My memory is rusty but I'll try to answer. Firstly, I'm not sure whether you meant sell or buy naked put. Because a bearish person will buy puts not sell puts. A bullish person will sell puts not buy puts.
When you write a put, you are selling the right (not obligation) to sell the underlying asset at a price. This 'right' expires on a certain date.
American options means it can be exercised before and on the expiration date. European options means it can only be exercised on the expiration date.
Let's say stock A price is $100 today. You speculate that the share is undervalued and will rise.
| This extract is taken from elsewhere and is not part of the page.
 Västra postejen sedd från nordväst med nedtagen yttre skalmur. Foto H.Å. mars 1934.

So you write a put with strike price $100 thinking the share price will rise above $100 by the expiration date and collect a $5 premium.
If the price falls below $100 say $70 and the buyer of your put option exercises it, they sell the share to you at $100. Technically, you don't want this stupid share that you bought at $100 when the market value is only $70. So, your loss is $100-$70=$30. However, you gain the $5 premium earlier. Hence, net loss is $25 ($30-$5).
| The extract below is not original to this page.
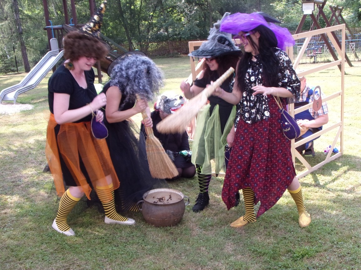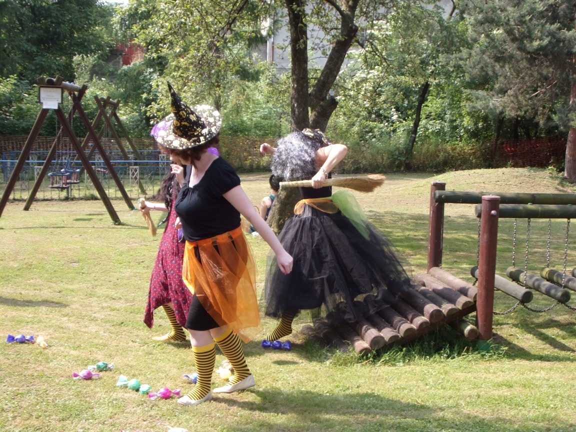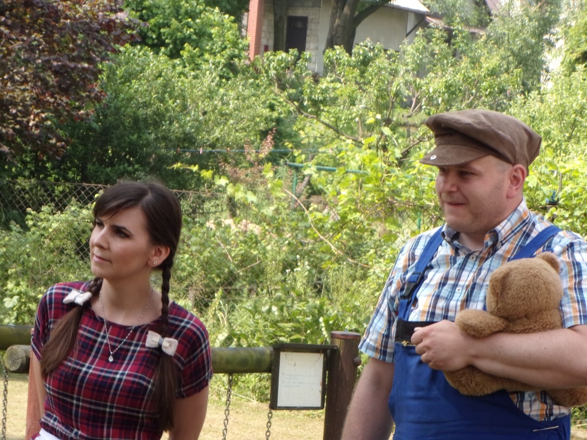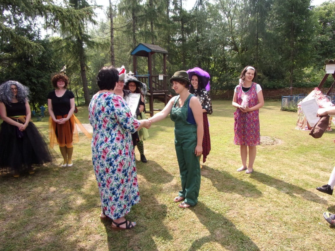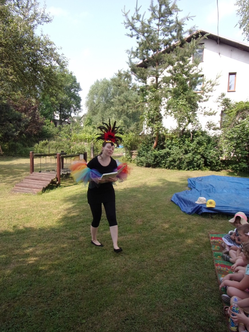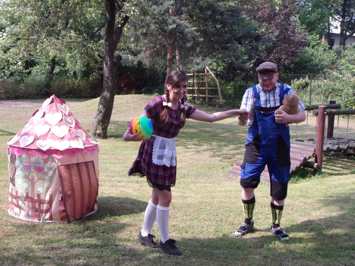 A co działo się później? Tego ani Jan Brzechwa, ani nawet Bracia Grimm nie mogli przewidzieć w swoich wersjach bajki o Jasiu i Małgosi. Nie jedna ale cztery czarownice wirowały w złowrogim tańcu wokół klatki z uwięzionymi głównymi bohaterami bajki. Wilk, który na szczęście okazał się wegetarianinem, drwal, który omal nie unicestwił naszej autentycznej starej jabłoni w ogrodzie przedszkolnym, narrator w barwach rajskiego ptaka i przede wszystkim rewelacyjna kreacja Jasia i Małgosi. Pomyślicie, że to aktualny repertuar Teatru Polskiego w Bielsku- Białej lub przynajmniej Teatru Lalek „Banialuka”? O nie, drodzy Państwo! Takie przedstawienie zostało opracowane i wystawione na placu zabaw przy Przedszkolu im. Władysława Pieronka w Radziechowach. Przedstawienia teatralne dla przedszkolaków przygotowywane wspólnie przez nauczycielki i rodziców wpisały się już w tradycję przedszkola. Pamiętamy rewelacyjne sztuki z lat poprzednich: „Kopciuszek” i „Czerwony Kapturek”. W tym roku przyszedł czas na bajkę pt. „Jaś i Małgosia”. Nie da się opisać radości dzieci i emocji związanych z odnajdywaniem w nietypowej roli swoich pań wychowawczyń i rodziców. Nadal pozostaję pod ogromnym wrażeniem tego wydarzenia i myślę, że podzielicie Państwo moje zdanie po obejrzeniu fotorelacji.

Your max gain if the option expires worthless is +$5.
Your max loss is -$95 ($100-$5). Assuming the share falls to $0 but it's unlikely.
Tldr; it's a gamble.
I believe there are several ways to protect yourself while shorting the market. One is called bear spread strategy.
Thanks. I believe danmooncake was talking about selling naked Puts (refer to his earlier posts) . And yes, I am talking about that risk of $25 net loss, if the market really tanks.